In our study, CEE+MPA was associated with an increase in triglycerides. Previous studies confirmed this trend. Mercuro et al [40] and Lobo et al [41] reported similar magnitudes of triglycerides increase with CEE at 0.625 and 0.3 mg, whereas Sanada et al [42] and Wakatsuki et al [43] associated 0.3 mg with a less pronounced increase in triglyceride levels. Christodoulakos et al [31] pointed out that the increase of triglycerides was less evident in non-androgenic progestin arms, suggesting a difference in androgenic potency of the progestinic as causative factor. In our study, we saw an increase in triglycerides with oral CEE, but a reduction with transdermal E2. This trend is similar to a previous study [44], indicating that this difference may reflect the different pharmacokinetics of the two routes of administration.

Despite the limitations of this analysis, i.e. the absence of a blind arm for HRT, the different type of oestrogen for the two routes of HRT and the fact that this exploratory analysis is based on a study designed to investigate other endpoints, we present some new and interesting data about the effects of fenretinide on cardiovascular-risk biomarkers.

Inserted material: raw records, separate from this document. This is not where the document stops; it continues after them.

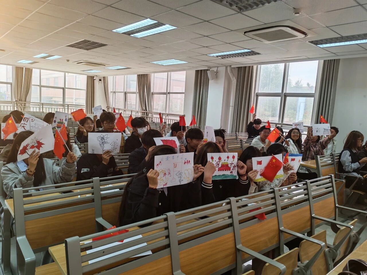 活动伊始,全体师生齐唱国歌,共同观看展现新中国发展历程与医护人员抗疫精神的爱国短片,在庄严氛围中激发爱国情怀。在“我心中的爱国小事”分享环节,同学们结合医护专业特点,围绕“认真学习专业知识,未来救死扶伤”等主题展开交流,将爱国情怀融入日常学习与职业理想。随后开展的“祖国知识接力赛”中,各组通过你画我猜、关键词抢答等形式踊跃参与,在趣味竞答中加深对国情的了解,提升团队协作能力。活动还设置“共绘祖国蓝图”集体绘画环节,各小组协同创作,以画笔表达对祖国的热爱与祝福。活动最后为积分领先的队伍颁发了“团结之星”奖状。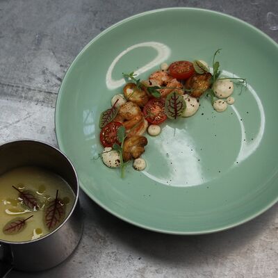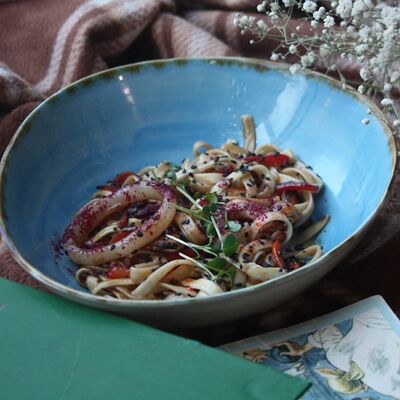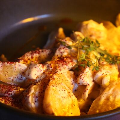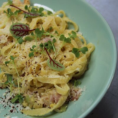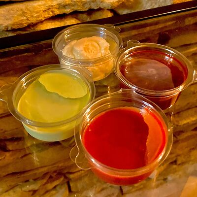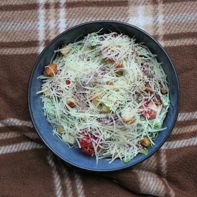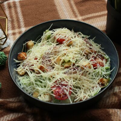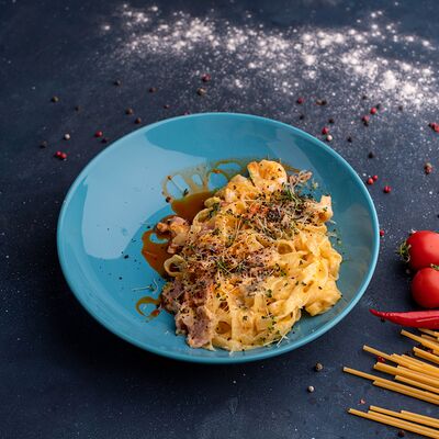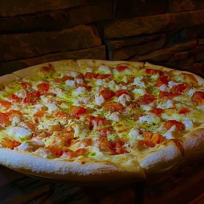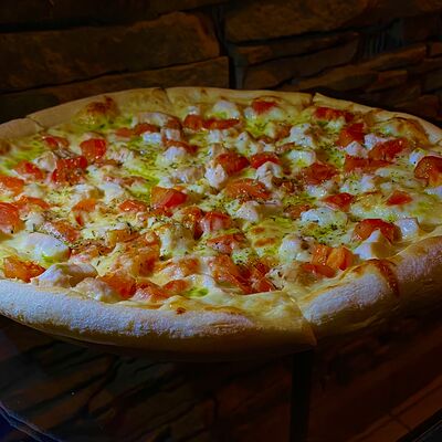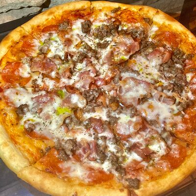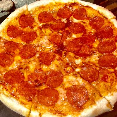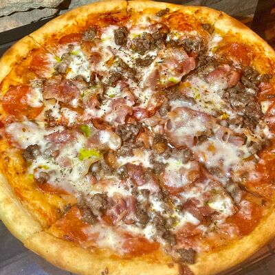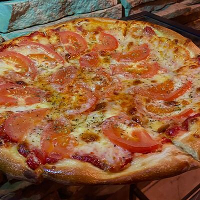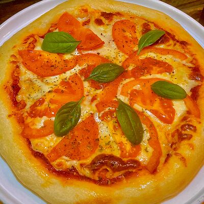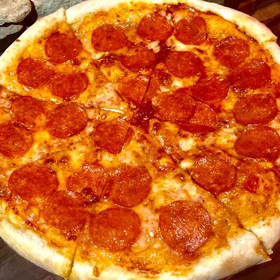 Тесто для пиццы, сыр моцарелла, колбаски пепперони, фирменный томатный соус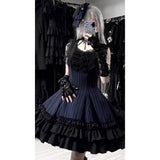 幻想的で少し危うい美しさを纏ったアイテム。ジャンパースカートは、幾重にも重なる胸元のフリルが重厚な陰影を生み、ウエストから広がる構築的が特徴的。裾に重ねられたティアードフリルは、歩くたびに波のように揺れ、静かなドラマを描き出しています。ブラウスは、広がる袖口のフリルが優雅に手元を飾り、儚さを漂わせる佇まいとなっています。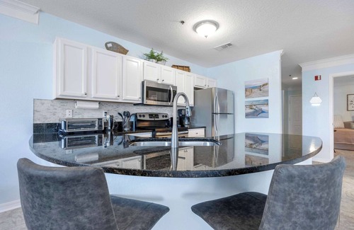 back indoors, the spacious kitchen is fit for a crowd, featuring stainless steel appliances, glossy stone counters, and crisp white cabinetry stocked with all the comforts of home Snag a high-top stool at the counter for casual bites or gather around the dining table, seating 6 for more formal fare.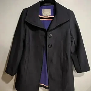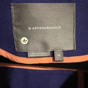 ANTHROPOLOGIE WELLESLEY PEACOAT MID-WEIGHT jacket nicely detailed with wing color and coral contrast piping in XS. Preloved, but in excellent condition!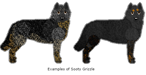 Sooty grizzles are heavily shaded grizzles, ranging from a dog with less defined markings than a regular grizzle to one that appears like a solid shading coloured dog with only faint underlying colour showing through.
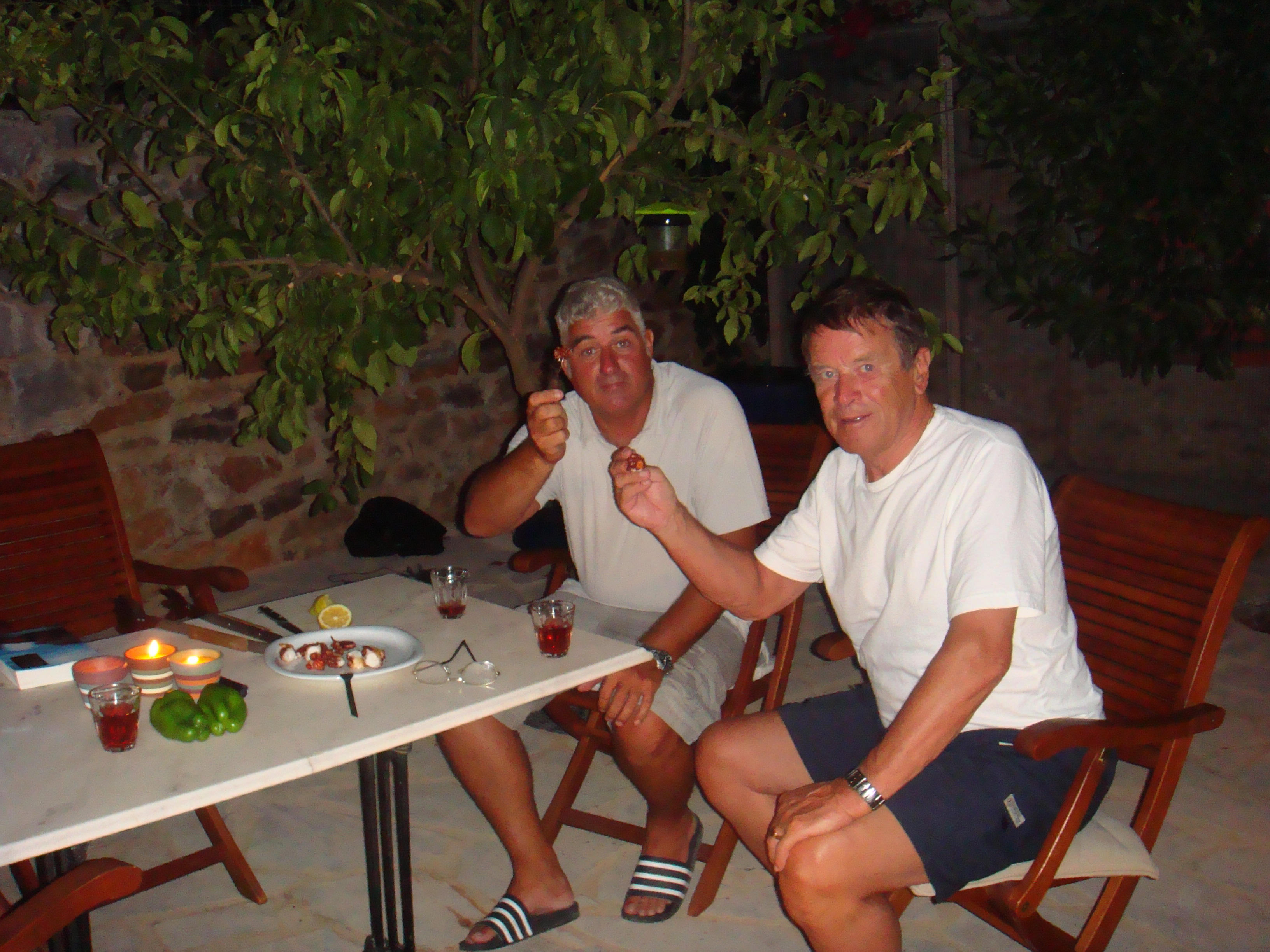 Dat was het motto in de week van 3 tot en met 10 oktober, toen Rob & Elly hier waren. Rob neemt dat letterlijk en is wat dat betreft een goede concurrent van de Reigers. We hebben die week een zeer druk programma gehad: Monemvasia, Mistras, Sparti, Mani-tour inclusief wandeling naar Cape Tennaro, zwemmen bij Marmari, wandeling naar de “schedeltjes” (een knekelhuisje bij een klooster in de buurt van Germa), markten van Gythio en Areopolis, grotten van Pyrgos Dhirou en al het daarbij behorende eten en drinken.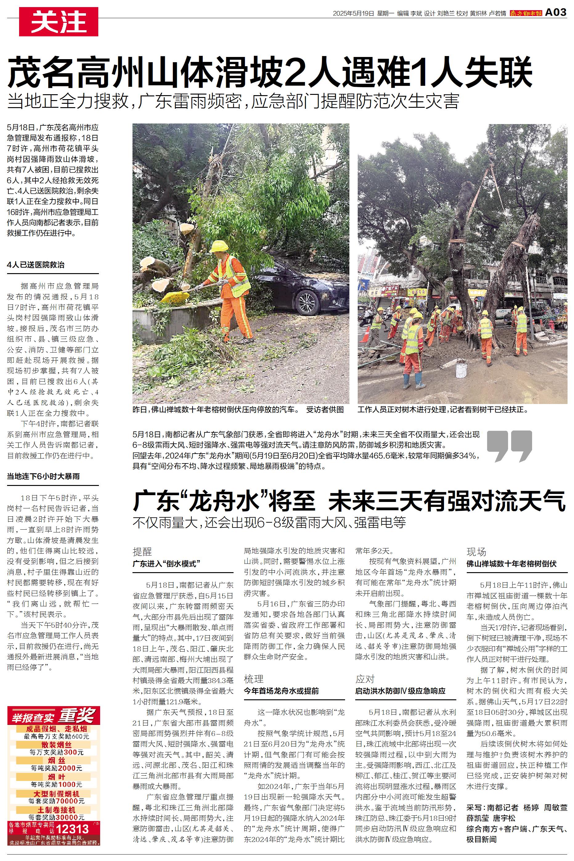 5月18日,南都记者从广东气象部门获悉,全省即将进入“龙舟水”时期,未来三天全省不仅雨量大,还会出现6-8级雷雨大风、短时强降水、强雷电等强对流天气。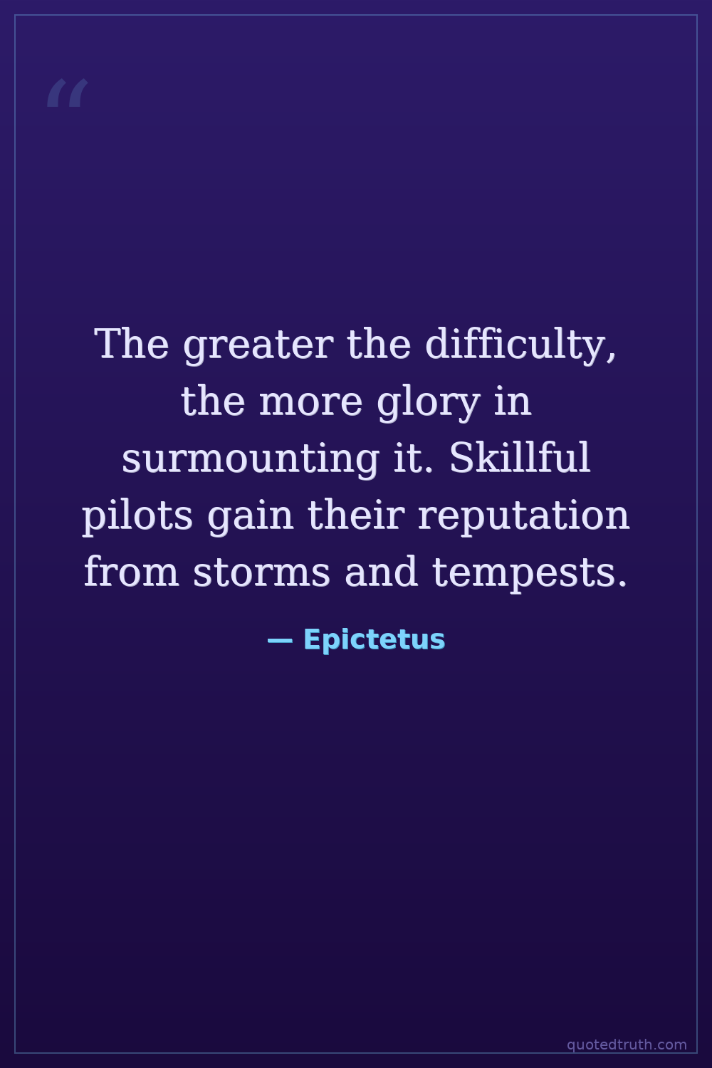 The greater the difficulty, the more glory in surmounting it. Skillful pilots gain their reputation from storms and tempests.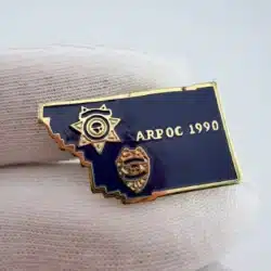 This pin is shaped like the state of Montana and features a blue background with two police badges on the left side. On the right, it displays the acronym ARPOC alongside the year 1990, creating a balanced law enforcement-themed layout.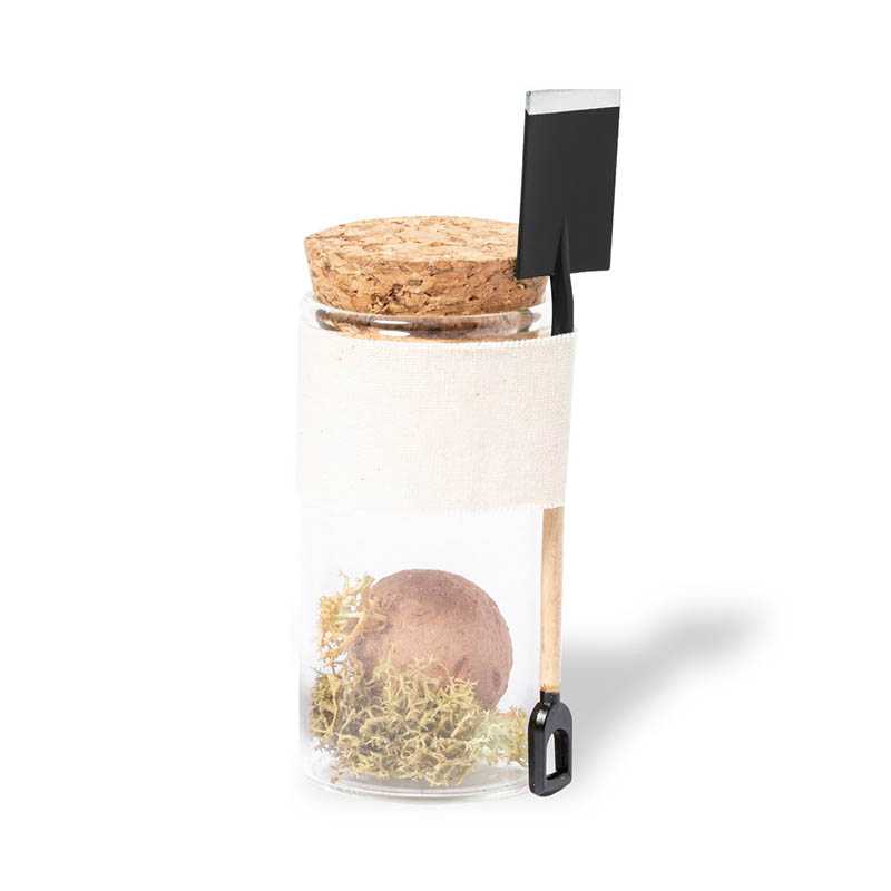 NOVINKA 2025. Nature line seed bonbon. With wild flowers and presented inside a glass jar with natural cork lid. Available in rake and shovel models.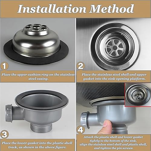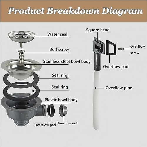SopimusZ 114 MM Küche Spüle Schüssel Typ Ablauf Abflusssieb mit Überlauf,Küchenspüle-Ablauf-Set, Edelstahl-Überlauf-Set, Küchenspüle,Überlaufrohre mit runder Ablaufabdeckung (Quadratisch)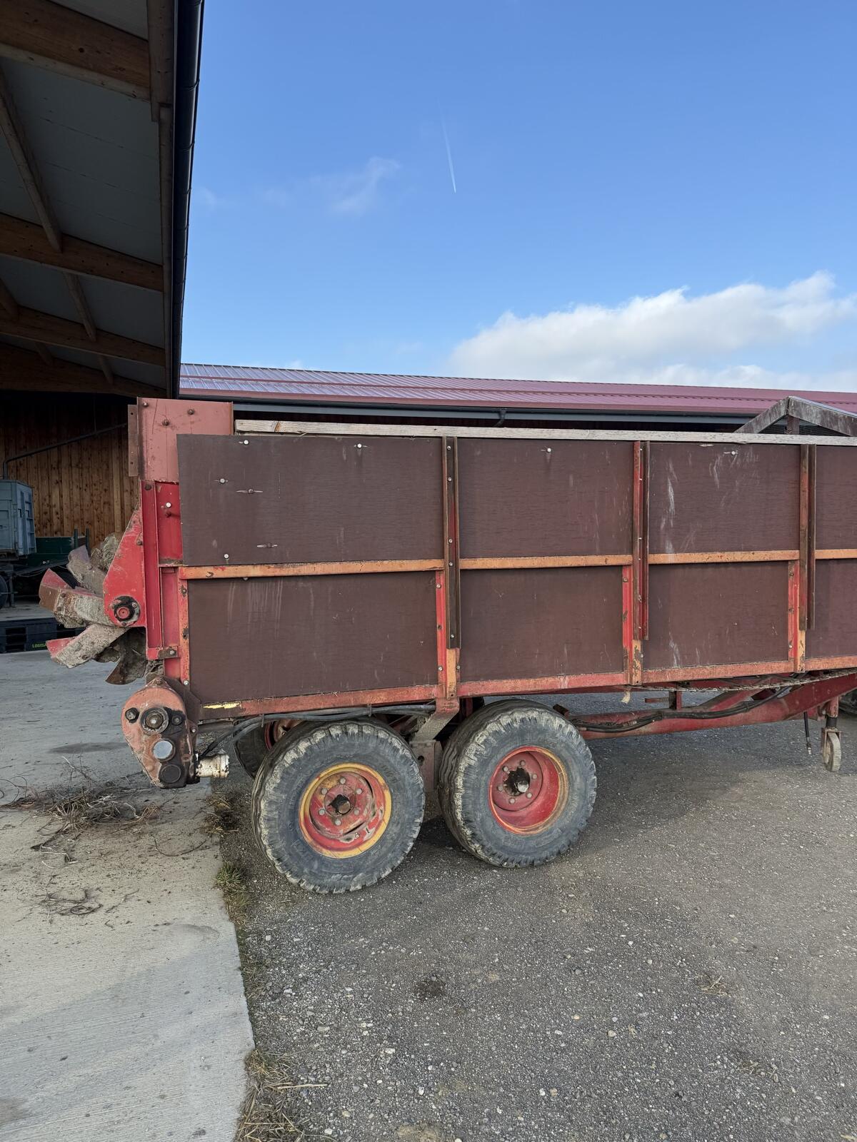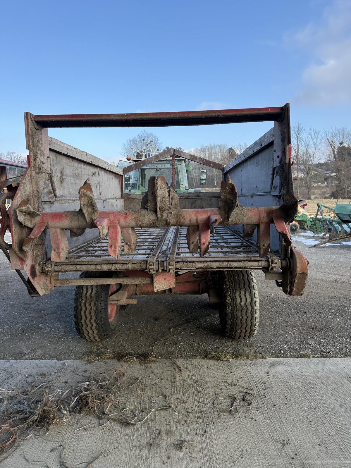 Verkaufe alten Miststreuer, Aufbau Eigenbau, tschechisches Fabrikat, aber Genaueres unbekannt. Hydraulische Schubkette, neue Reifen.

Several retinoids are known to increase triglyceride and LDL-cholesterol levels. In order to explain the increased cardiovascular mortality observed in the Carotene and Retinol Efficacy Trial (CARET), Cartmel et al suggested a possible contribution of hypercholesterolemia and hypertriglyceridemia in the treatment arm compared to placebo [45]. On the contrary, fenretinide has a neutral effect on tests of liver function, lipid profile and blood cell counts as compared to other retinoids [46]. Indeed, we found a favourable effect of fenretinide on HDL-C. Likewise Zujewski et al [47] reported a statistically significant increase of serum HDL-C in metastatic breast cancer patients treated with tamoxifen and fenretinide.

Interestingly, our data shows no effect of fenretinide on fibrinogen and triglyceride levels differently from other retinoids [45], but is consistent with our previous results [46,47]. The observed association between fenretinide administration and the reduction trend of AT-III is new and requires further investigation to assess its potential clinical impact.


In conclusion, our data show a different profile of transdermal E2 and oral CEE on early CHD risk and provide new information about the effects of fenretinide on lipid and clotting profiles. If we consider the different balance between positive and negative effects of transdermal E2 and oral CEE on cardiovascular-risk biomarkers, both the more favourable effects on triglycerides by transdermal E2 and the neutral effect on CRP, support the notion that transdermal E2 may be associated with a safer profile when compared to oral CEE. We have confirmed the safer profile of fenretinide in comparison to other retinoids, but further studies are needed to better understand the possible role of this promising compound in chemoprevention.

Conflicts of interest

The authors declare that they have no conflict of interest.


This study was supported by a grant from the Susan G Komen Breast Cancer Foundation, Dallas, TX, and by the Italian Foundation for Cancer Research (FIRC).